:: WHAT TO WORK ON ::
Copy all records exactly; omit pictures.

[Records excerpted from a collection]
◆ ◆ ◆ ◆

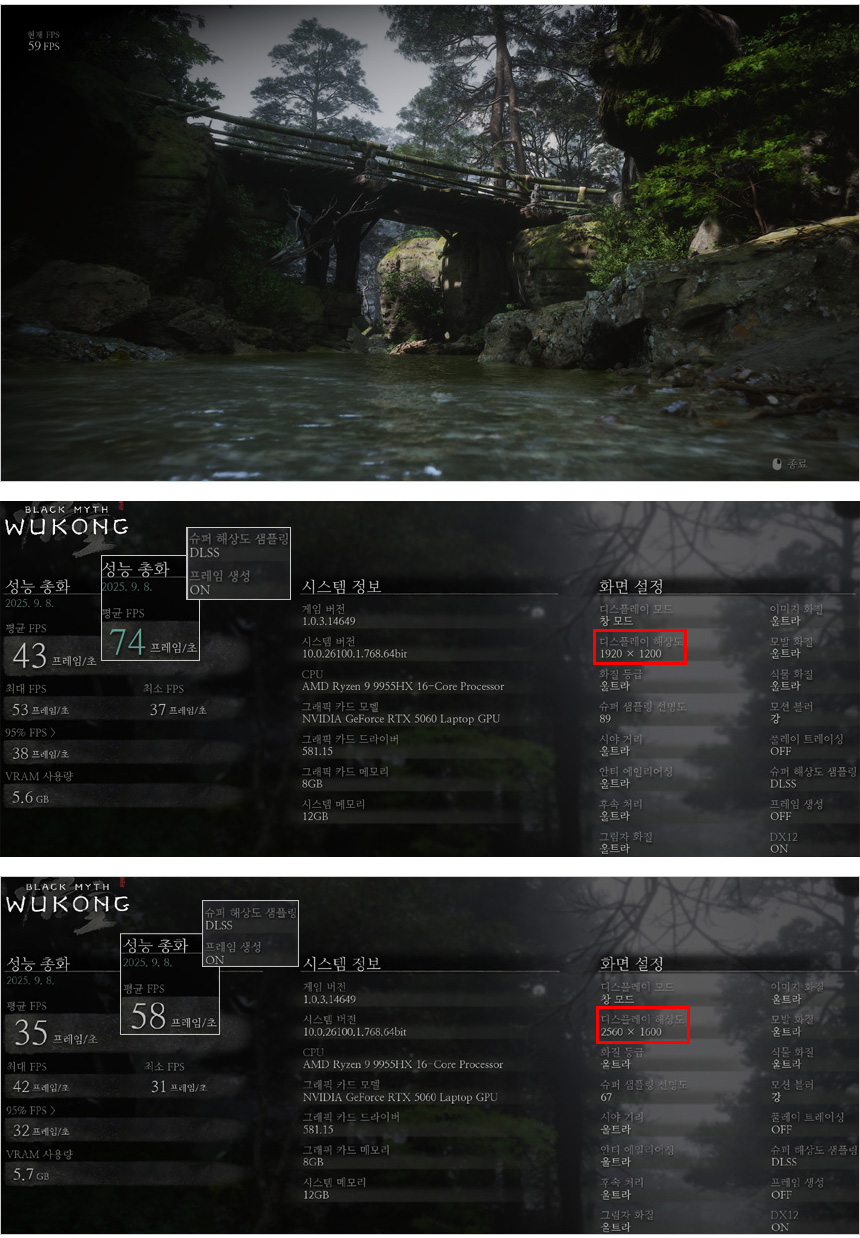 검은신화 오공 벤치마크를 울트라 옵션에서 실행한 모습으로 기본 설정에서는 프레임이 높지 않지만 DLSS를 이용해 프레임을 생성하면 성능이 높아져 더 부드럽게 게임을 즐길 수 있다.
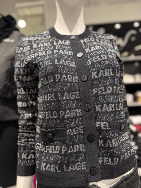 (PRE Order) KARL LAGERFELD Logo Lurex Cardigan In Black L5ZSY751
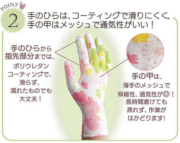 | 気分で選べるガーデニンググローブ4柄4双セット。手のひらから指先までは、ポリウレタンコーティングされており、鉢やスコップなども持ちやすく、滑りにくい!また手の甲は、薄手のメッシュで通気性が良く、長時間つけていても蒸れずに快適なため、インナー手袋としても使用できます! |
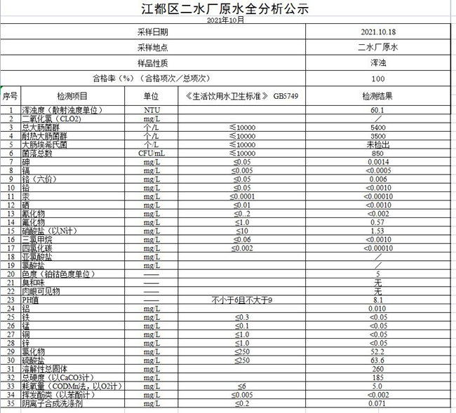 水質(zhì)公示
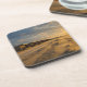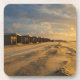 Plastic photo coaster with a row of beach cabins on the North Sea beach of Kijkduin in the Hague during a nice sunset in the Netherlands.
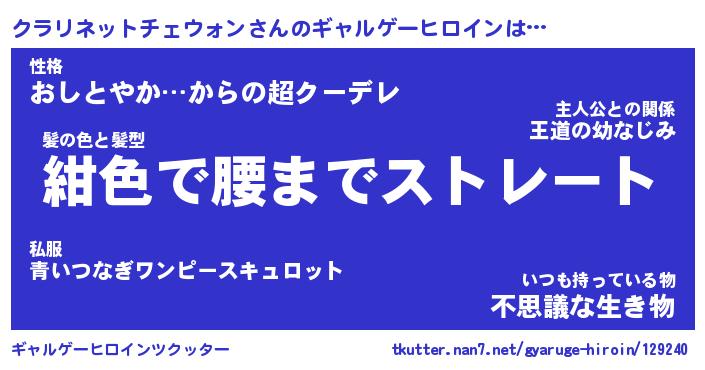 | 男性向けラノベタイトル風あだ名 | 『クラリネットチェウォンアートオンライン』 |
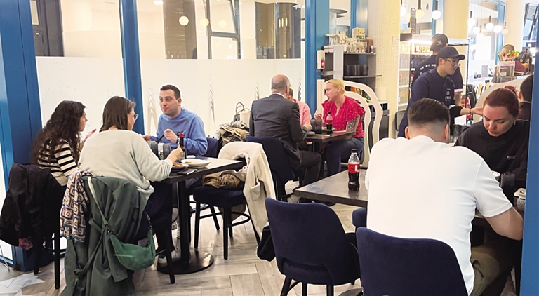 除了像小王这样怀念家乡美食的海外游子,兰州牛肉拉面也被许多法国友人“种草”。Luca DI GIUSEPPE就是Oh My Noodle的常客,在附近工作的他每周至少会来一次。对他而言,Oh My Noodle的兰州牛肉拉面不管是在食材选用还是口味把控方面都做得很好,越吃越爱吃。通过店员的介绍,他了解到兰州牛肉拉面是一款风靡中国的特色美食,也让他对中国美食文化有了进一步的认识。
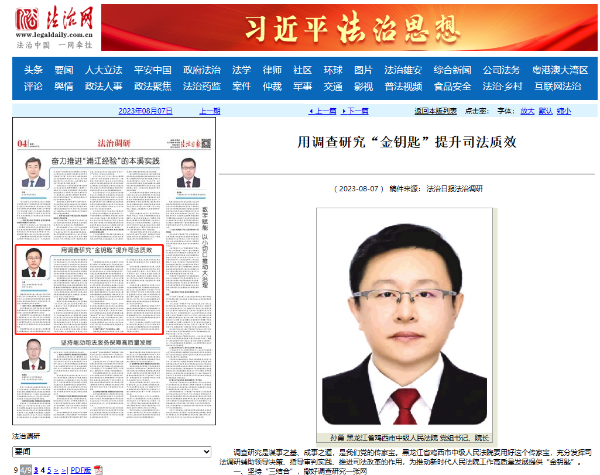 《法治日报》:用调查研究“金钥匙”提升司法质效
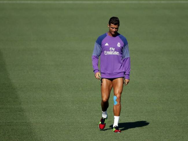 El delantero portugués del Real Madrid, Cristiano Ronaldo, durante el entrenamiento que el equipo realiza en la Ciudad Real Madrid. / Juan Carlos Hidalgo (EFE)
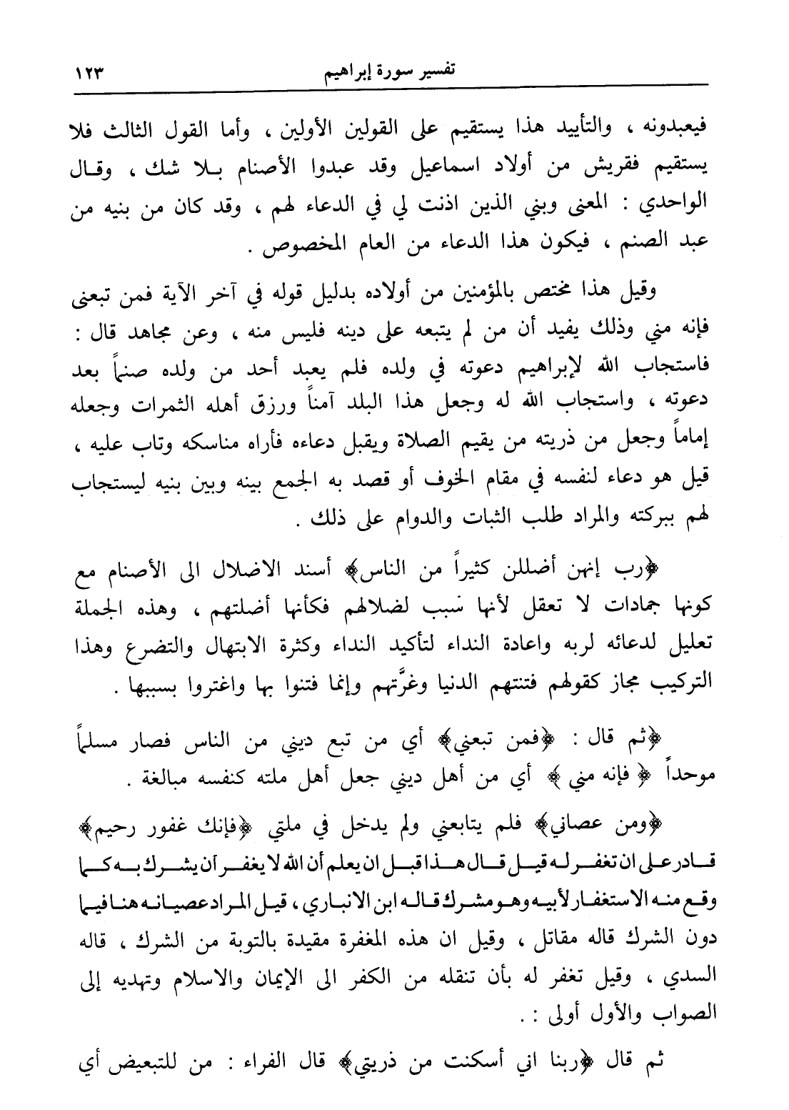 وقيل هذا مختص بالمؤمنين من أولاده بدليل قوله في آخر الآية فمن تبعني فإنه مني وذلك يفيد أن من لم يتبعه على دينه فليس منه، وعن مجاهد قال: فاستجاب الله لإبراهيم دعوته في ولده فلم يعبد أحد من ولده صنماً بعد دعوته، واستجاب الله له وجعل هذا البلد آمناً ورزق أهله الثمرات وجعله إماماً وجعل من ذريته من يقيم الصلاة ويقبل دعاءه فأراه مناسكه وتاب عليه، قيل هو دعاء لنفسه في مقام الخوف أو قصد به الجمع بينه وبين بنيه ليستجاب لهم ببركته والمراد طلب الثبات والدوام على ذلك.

◆ ◆ ◆ ◆

:: RESULT OF THE TASK ::
 검은신화 오공 벤치마크를 울트라 옵션에서 실행한 모습으로 기본 설정에서는 프레임이 높지 않지만 DLSS를 이용해 프레임을 생성하면 성능이 높아져 더 부드럽게 게임을 즐길 수 있다.
 (PRE Order) KARL LAGERFELD Logo Lurex Cardigan In Black L5ZSY751
 | 気分で選べるガーデニンググローブ4柄4双セット。手のひらから指先までは、ポリウレタンコーティングされており、鉢やスコップなども持ちやすく、滑りにくい!また手の甲は、薄手のメッシュで通気性が良く、長時間つけていても蒸れずに快適なため、インナー手袋としても使用できます! |
 水質(zhì)公示
 Plastic photo coaster with a row of beach cabins on the North Sea beach of Kijkduin in the Hague during a nice sunset in the Netherlands.
 | 男性向けラノベタイトル風あだ名 | 『クラリネットチェウォンアートオンライン』 |
 除了像小王这样怀念家乡美食的海外游子,兰州牛肉拉面也被许多法国友人“种草”。Luca DI GIUSEPPE就是Oh My Noodle的常客,在附近工作的他每周至少会来一次。对他而言,Oh My Noodle的兰州牛肉拉面不管是在食材选用还是口味把控方面都做得很好,越吃越爱吃。通过店员的介绍,他了解到兰州牛肉拉面是一款风靡中国的特色美食,也让他对中国美食文化有了进一步的认识。
 《法治日报》:用调查研究“金钥匙”提升司法质效
 El delantero portugués del Real Madrid, Cristiano Ronaldo, durante el entrenamiento que el equipo realiza en la Ciudad Real Madrid. / Juan Carlos Hidalgo (EFE)
 وقيل هذا مختص بالمؤمنين من أولاده بدليل قوله في آخر الآية فمن تبعني فإنه مني وذلك يفيد أن من لم يتبعه على دينه فليس منه، وعن مجاهد قال: فاستجاب الله لإبراهيم دعوته في ولده فلم يعبد أحد من ولده صنماً بعد دعوته، واستجاب الله له وجعل هذا البلد آمناً ورزق أهله الثمرات وجعله إماماً وجعل من ذريته من يقيم الصلاة ويقبل دعاءه فأراه مناسكه وتاب عليه، قيل هو دعاء لنفسه في مقام الخوف أو قصد به الجمع بينه وبين بنيه ليستجاب لهم ببركته والمراد طلب الثبات والدوام على ذلك.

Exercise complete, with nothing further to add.